1.   Payment Obligation
     ------------------

     (a) Payment Obligations shall consist of any deferred payments of deferred
bonuses owed from time to time to a Participant by DWR pursuant to the Plan.

     (b) Payment Obligations, including the dates payments are due, shall be
determined in accordance with the provisions of the Plan as in effect on the
date hereof, or as hereafter amended. As provided in Sections 4 and 5 of this
Appendix A, payment of any amount of a Payment Obligation may be made sooner
than five years following the year for which such Payment Obligation is accrued
by DWR. If any provision of the Plan as now in effect or as hereafter amended
shall be inconsistent with the Appendix A, this Appendix A shall govern.

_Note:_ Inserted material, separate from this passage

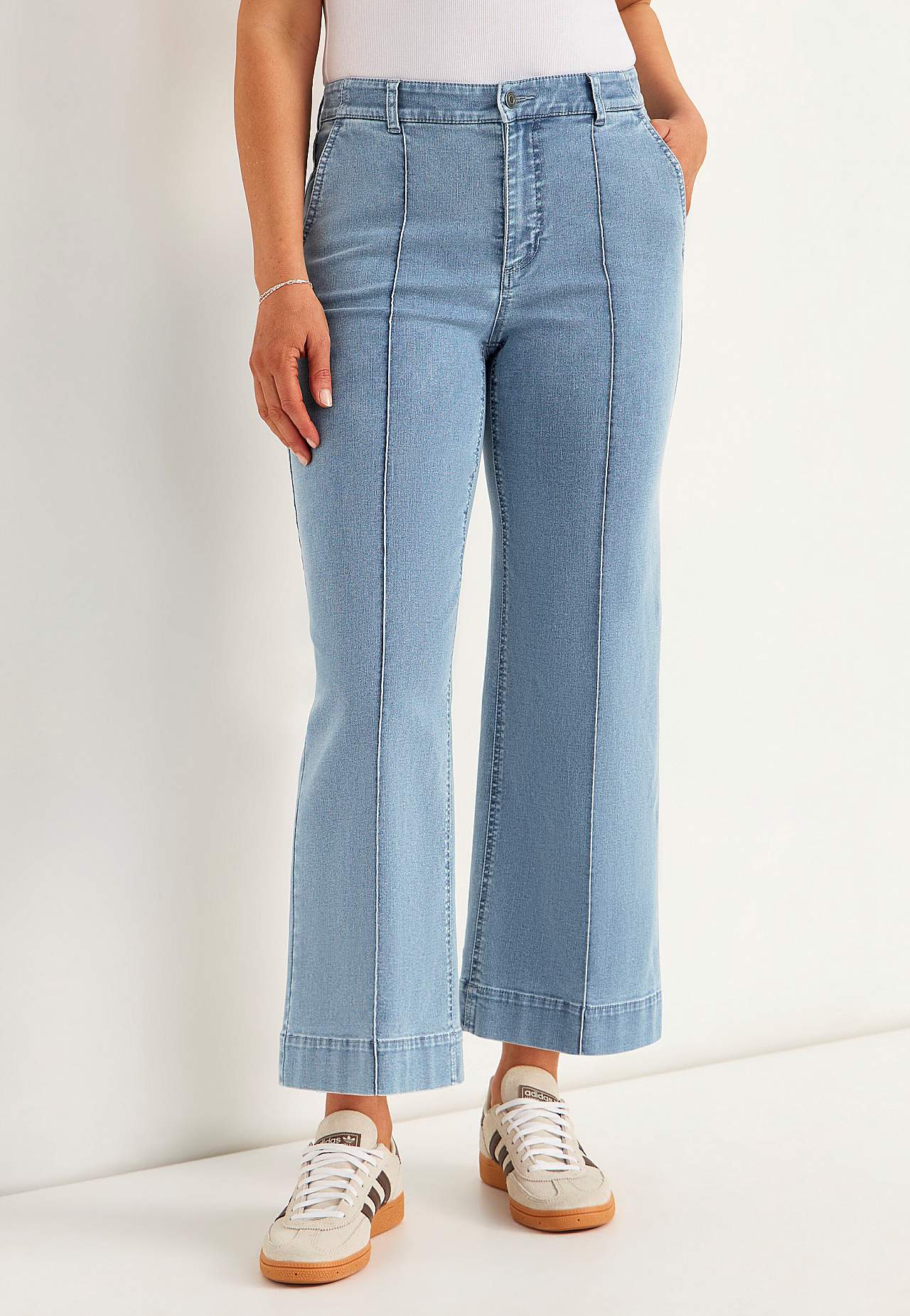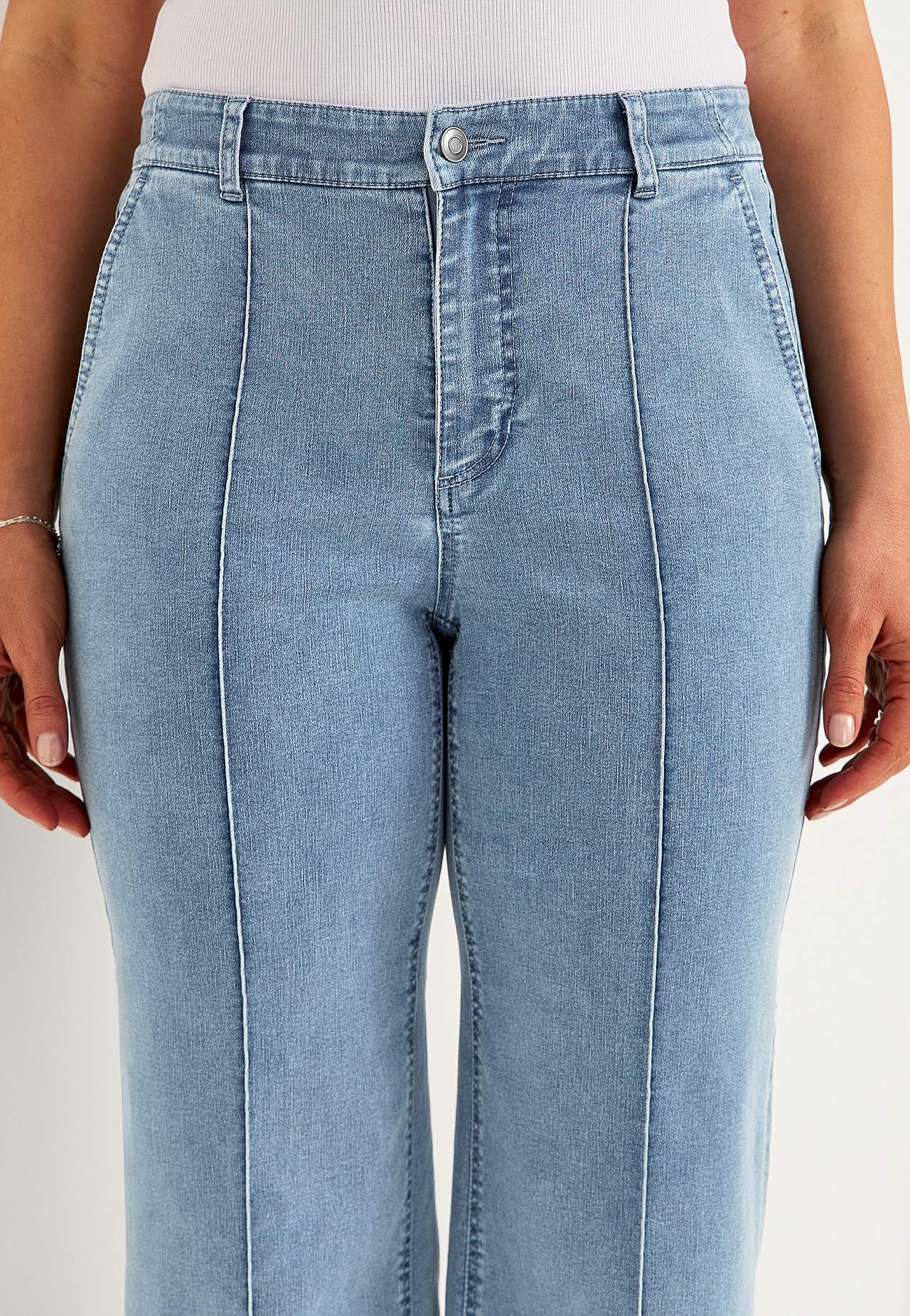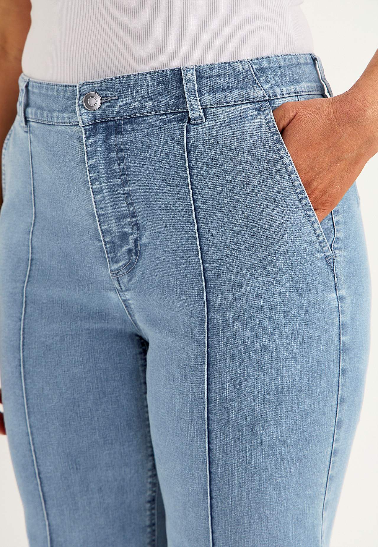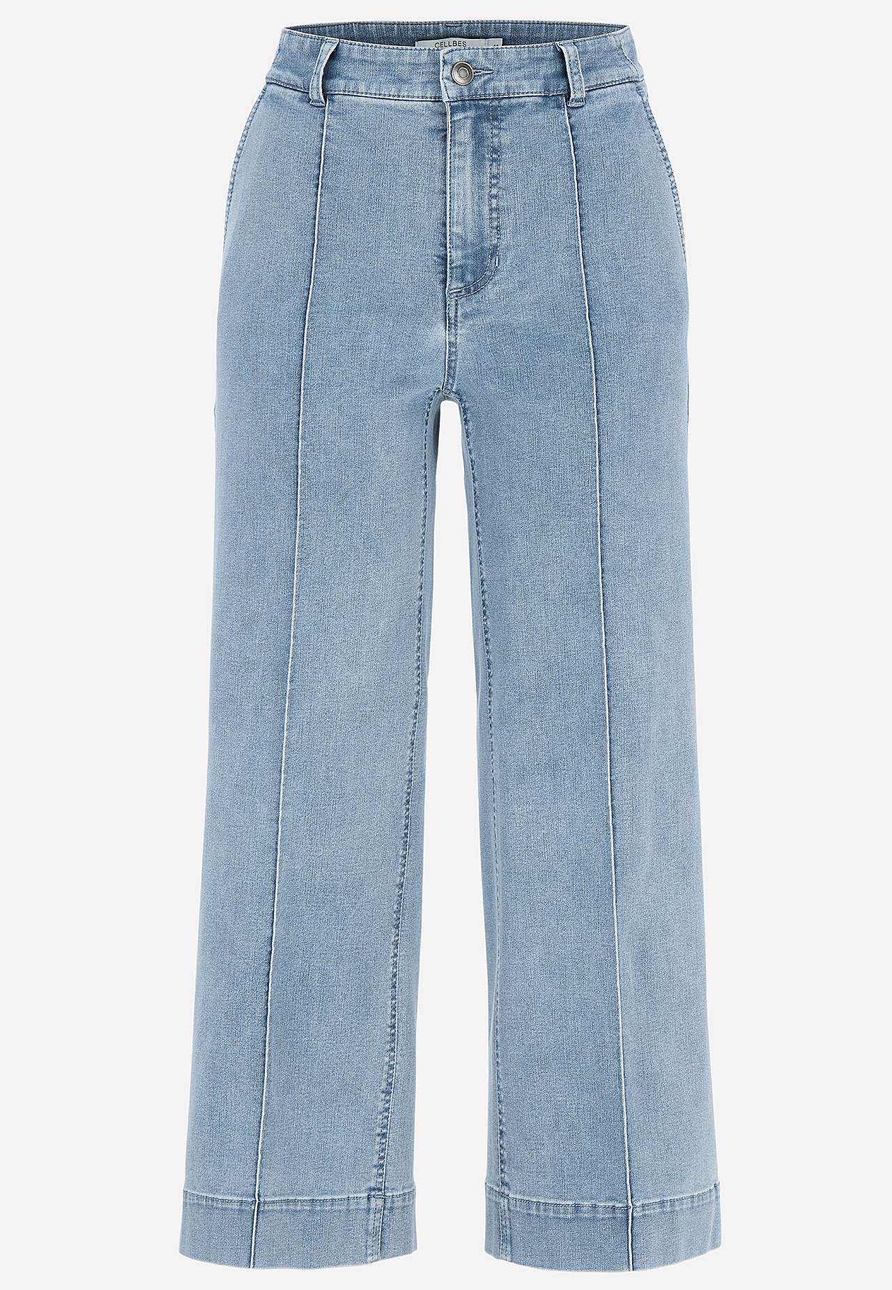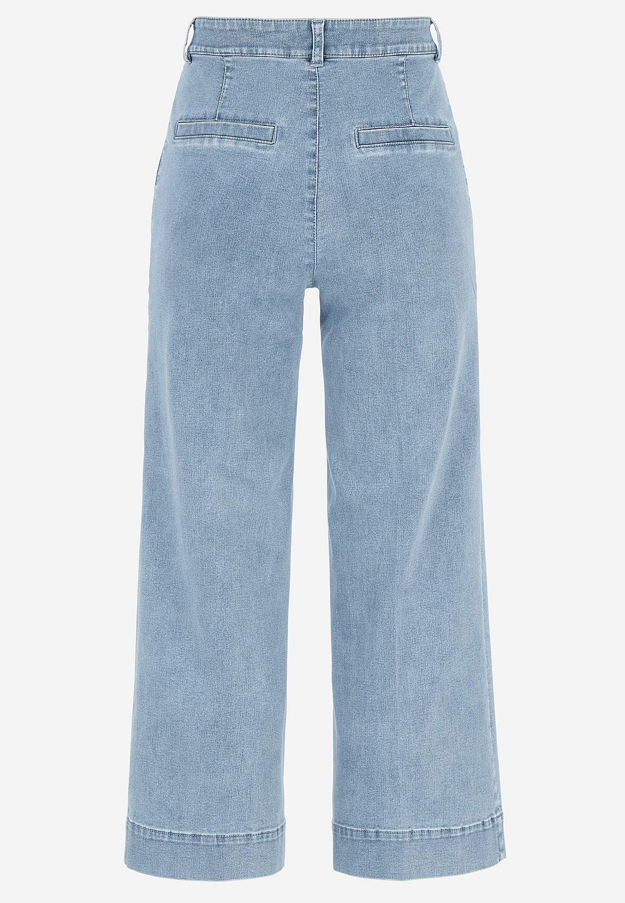Pahkluupikkuses elastsest ja pehmest teksakangast püksid. Sirge lõikega ja laiade sääreosadega. Avara lõikega. Veidi kitsama ülaosaga. Tavakõrguses vöökoht. Vööaasadega värvel. Ees nööbiga ja tõmblukuga kinnis. Ees viltused küljetaskud. Ees sisseõmmeldud viigid. Taga ehistaskud. Sääre sisepikkus kõikidel suurustel u 65 cm. ... Loe rohkem

2.   Subordination of Right of Payment
     ---------------------------------

     (a) Payment Obligations are and shall be subordinated in right of payment
and subject to prior payment or provision for payment in full of all claims of
other present and future creditors of DWR whose claims are not similarly
subordinated (claims hereunder shall rank pari passu with claims similarly
subordinated) and to claims which are now or hereafter expressly stated in the
instruments creating such claims to be senior in right of payment to the claims
or the class of claims hereunder which arise out of any matter occurring prior
to the maturity date of any payment under the Payment Obligation.

     (b) In the event of the appointment of a receiver or trustee for DWR or in
the event of its insolvency, liquidation pursuant to the Securities Investor
Protection Act of 1970 ("SIPA"), or otherwise, its bankruptcy, assignment for
the benefit of creditors, reorganization, whether or not pursuant to bankruptcy
laws, or any other marshaling of the assets and liabilities of DWR, Participants
shall not be entitled to participate or share, ratably or otherwise, in the
distribution of the assets of DWR until all claims of all other present and
future creditors of DWR whose claims are senior to claims hereunder have been
fully satisfied or provision has been made therefor.

     (c) Notwithstanding the maturing of the Payment Obligation under any
provision of the Plan or this Appendix A, the right of a Participant to receive
payment of any Payment Obligation is and shall remain subordinate as provided in
this Section 2.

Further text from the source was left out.